#### TO DO:
The records below must be repeated exactly, but without their pictures.

** RECORDS FOR THIS EXERCISE follows **

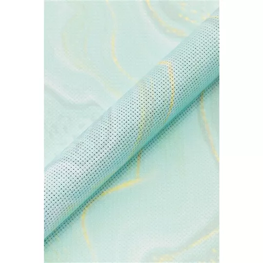 This piece of fabric is made of 100% Cotton, measures 15 x 18 inches, has 14 holes to the inch and is printed with shades of turquoise and gold to represent malachite stone.
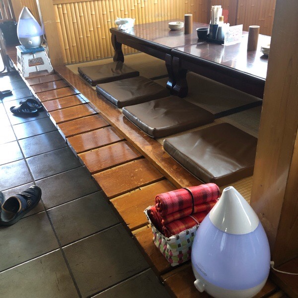 テーブルセットと加湿、そして 網戸にしたままでの換気で、開店!
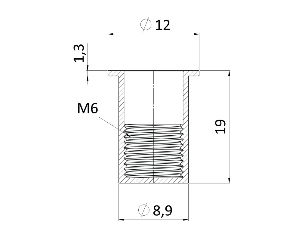 nitovacia matica M6/0.5-3.0/ plochá hlava, rýhovaný driek, uzavretá, VZ L = 19,2mm
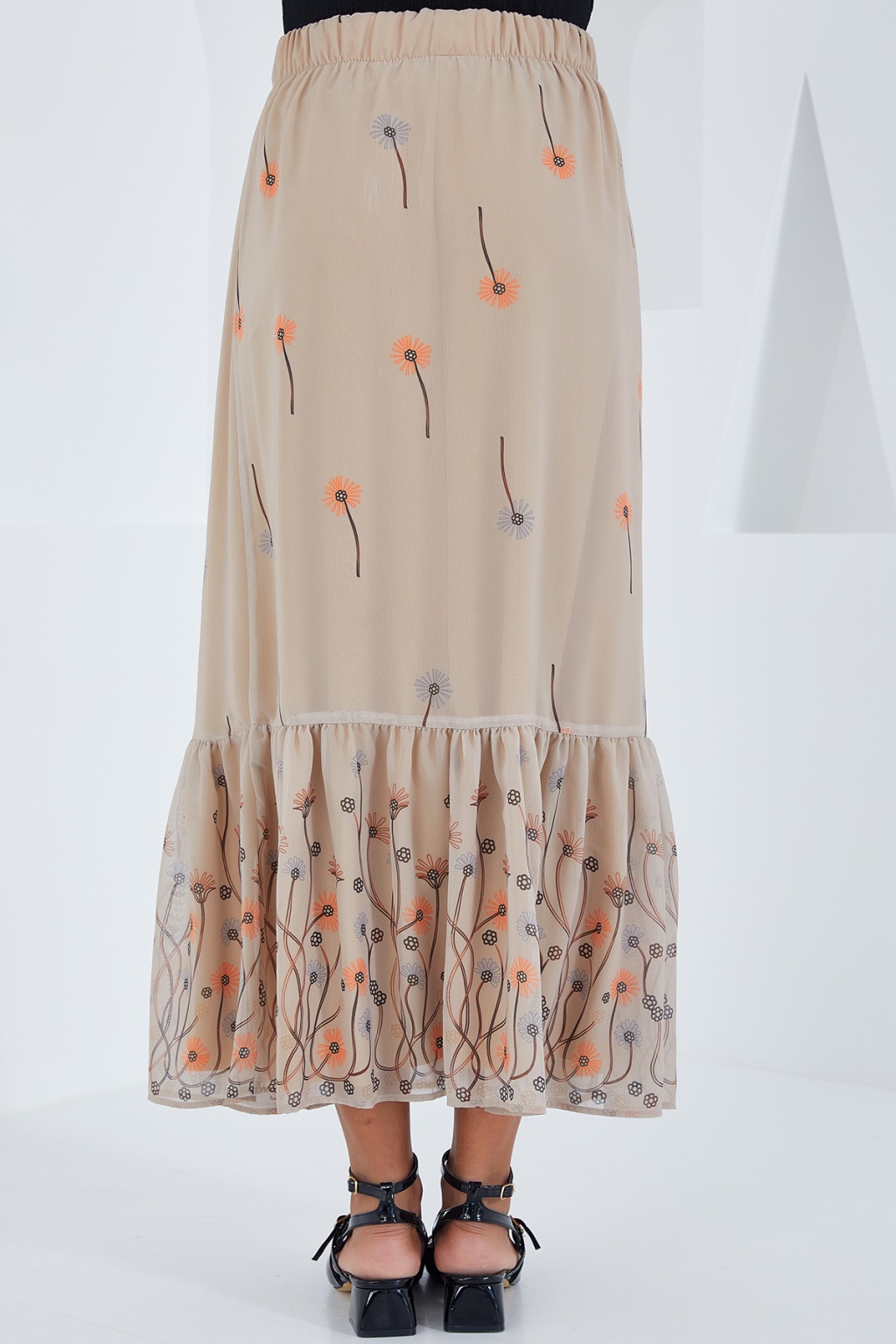 Kadın Krem Desenli Şifon Etek 8010
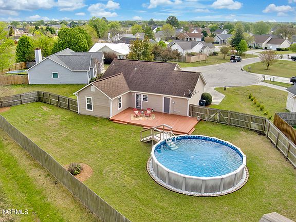 Prime Cul-de-sac location with large, fenced, private yard featuring an inviting above ground pool with lifetime warranty and easy access stairs and landing, fully sodded yard with irrigation in front, side, and rear of the property, plus a shed and an ample deck which extends the entertaining area... truly an oasis! Additional upgrades and bonuses include... HVAC 2018, Gutters, whole house generator hookup and laundry hookups in garage. Direct access to deck, pool, & yard from garage. Partially floored attic space for storage Stainless appliance including Frigidaire Dishwasher and Range and Samsung Refrigerator, tile floors in both baths and kitchen, laminate floors in primary living area, carpet in bedrooms,. Bright and open floorplan with split bedroom layout.
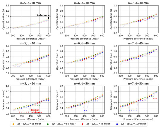 . Finally, the most efficient set of gripper count, gripper diameter, target pressure difference and minimum pressure difference [
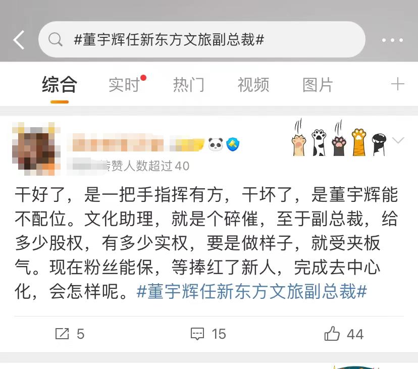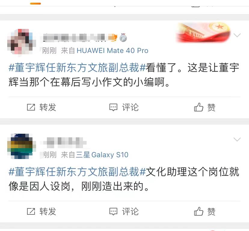 在消息发布后,#董宇辉任新东方文旅副总裁#话题一跃成为微博热搜榜首位,每条消息下面都跟着董宇辉“丈母娘”和“吃瓜路人”的热心评论,有人认为能做出这样的决定,是俞敏洪足够大气有格局,给到董宇辉东方甄选之外更高的展示舞台;也有观点认为,董事长文化助理和文旅集团副总裁都是非核心职位,明升暗降是让董宇辉做个“吉祥物”。

** End of RECORDS FOR THIS EXERCISE **

#### RESPONSE:
 This piece of fabric is made of 100% Cotton, measures 15 x 18 inches, has 14 holes to the inch and is printed with shades of turquoise and gold to represent malachite stone.
 テーブルセットと加湿、そして 網戸にしたままでの換気で、開店!
 nitovacia matica M6/0.5-3.0/ plochá hlava, rýhovaný driek, uzavretá, VZ L = 19,2mm
 Kadın Krem Desenli Şifon Etek 8010
 Prime Cul-de-sac location with large, fenced, private yard featuring an inviting above ground pool with lifetime warranty and easy access stairs and landing, fully sodded yard with irrigation in front, side, and rear of the property, plus a shed and an ample deck which extends the entertaining area... truly an oasis! Additional upgrades and bonuses include... HVAC 2018, Gutters, whole house generator hookup and laundry hookups in garage. Direct access to deck, pool, & yard from garage. Partially floored attic space for storage Stainless appliance including Frigidaire Dishwasher and Range and Samsung Refrigerator, tile floors in both baths and kitchen, laminate floors in primary living area, carpet in bedrooms,. Bright and open floorplan with split bedroom layout.
 . Finally, the most efficient set of gripper count, gripper diameter, target pressure difference and minimum pressure difference [
 在消息发布后,#董宇辉任新东方文旅副总裁#话题一跃成为微博热搜榜首位,每条消息下面都跟着董宇辉“丈母娘”和“吃瓜路人”的热心评论,有人认为能做出这样的决定,是俞敏洪足够大气有格局,给到董宇辉东方甄选之外更高的展示舞台;也有观点认为,董事长文化助理和文旅集团副总裁都是非核心职位,明升暗降是让董宇辉做个“吉祥物”。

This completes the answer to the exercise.